There's no "dispute" or "controversy" about the ZIS/ZIL. No Packard or other US sheet metal, trim or mechanical parts. They were copies.
Intermediate Driver

When these cars are brought up, I can’t help but think of the Top Gear episode when they examined “Communist cars”, 99.5% of them were absolutely awful.
Intermediate Driver

I had a Russian girlfriend. High maintenance. Very high maintenance. And worth it. But the cars? Not worth it. Nope.
Pit Crew

I toured the Soviet Union and the satellite nations in the summer of 1969 and wrote a paper for my college humanities elective entitled "Transportation in the Soviet Union Today." As a 22 year old car nut travelling through those nations I found their transportation means fascinating. There were many examples of smaller cars (The Moskvitch and Zaporozhets) that were not mentioned but were more affordable for Soviet citizens. The main issue for buyers of cars at that time was there was always a long waiting list and when the car came in it had to be paid for in its entirety - no installment plan. Whe the Russians I met found out I had my own car (a Volvo 544) and a Honda motorcycle back in the U.S. they thought I was a very wealthy man. In fact, I only met one person under 30 who owned their own car. I rode in many Volga taxis and thought I was in a '53 Ford...

I admit I don't get the want for a Russian car at all but someone has to love them I guess.
Pit Crew

There is a reason the Lada is named, Lada . You need a Lada money to keep them running.

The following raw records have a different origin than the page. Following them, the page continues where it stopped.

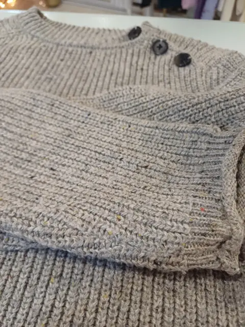Hermoso suéter tejido color café. Es muy calientito. Tiene tres botones a un costado del cuello. Dice talla 10 pero queda perfecto hasta una talla chica de dama.Las medidas son hombros 38 CM, ax a ax 45 CM, largo 58 CM.
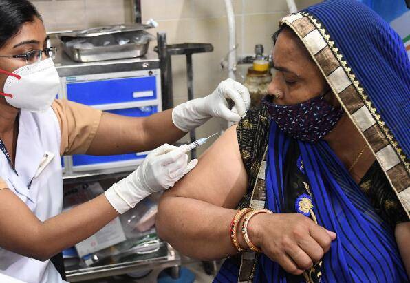 印度新德里,一位女士正在接种疫苗,图自澎湃影像。
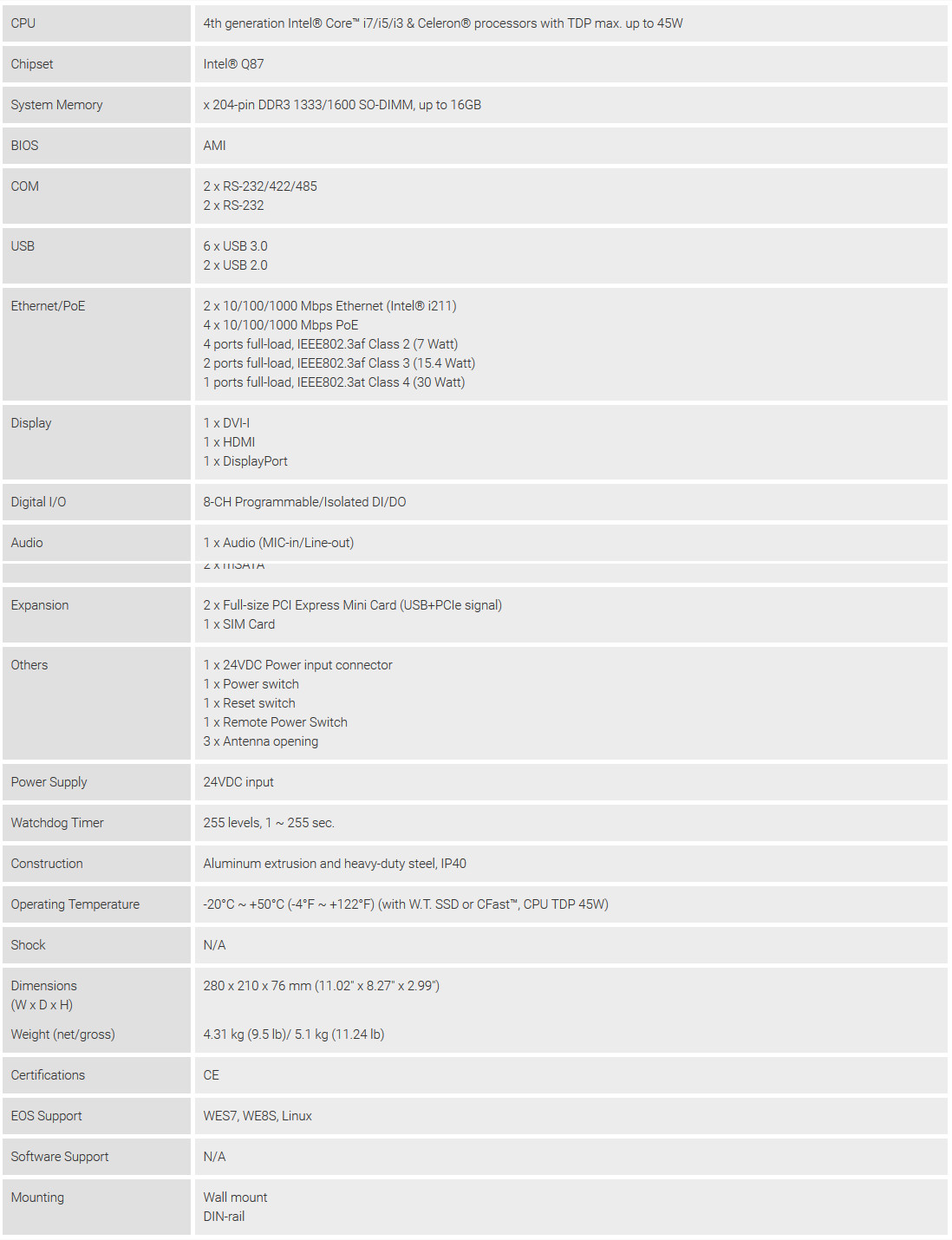 the powerful PoE embedded vision system supports LGA1150 socket 4th
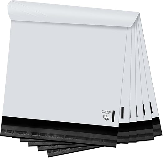 - CARRIER-APPROVED large shipping bags are 100% recyclable white poly mailers have high-strength seams and 1.5” flaps for over-stuffing.
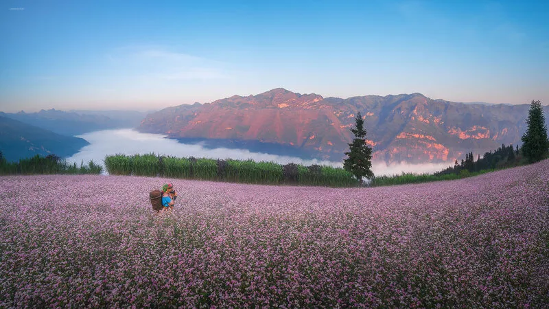 Thảo nguyên Suối Thầu được phủ tím bởi hoa tam giác mạch.

The Garage 54 YouTube channel will amaze you with what can be done to and with Ladas.
Intermediate Driver

When Ladas started showing up in bg numbers here in Canada in the early 80's, many people, especially young folks with little money, could get a new one for under five grand.
A couple of years later, most of them would have a prominent place a the scrap yard. I don't think very many made it to the 90's. They were crap. Period.
Russian vodka, sure. Russian cars? Don't make me laugh.

Let's cut to the chase - these are the only three things the ruskies have worth impoting:
1 - vodka
2 - caviar (I don't like it, but they are the best)
3 - mail order brides

Everything else is like communism - failed

What no Yugo ?
Advanced Driver

Interesting to see the design differences between American and other countries cars. As America once was Free Spirt so were the models and designs of the cars. In more suppressed countries the design stays less dynamic. Still like the 50's American the best.
Advanced Driver

What a treat. Great article on a fascinating slice of the hobby.
I have two models of the Gaz 21, the first in the same colors as the photograph and a blue '70.
There is also a "Pobeda" model in the collection and of course a Trabant.
Love these. They're fascinating.
At car shows I will blast past all the exoticars, supercars, tri fives, supercharged and the customized to see cars like this.
Intermediate Driver

Ladas, so close but yet so far. When visiting family on Vancouver Island in Canada I remember seeing a dealer with a small utility vehicle, no sport at that time on his lot. I don't know how successful that venture was but if the Lada was cheap and dependable it should have been a hit. I am curious how many were sold in Canada.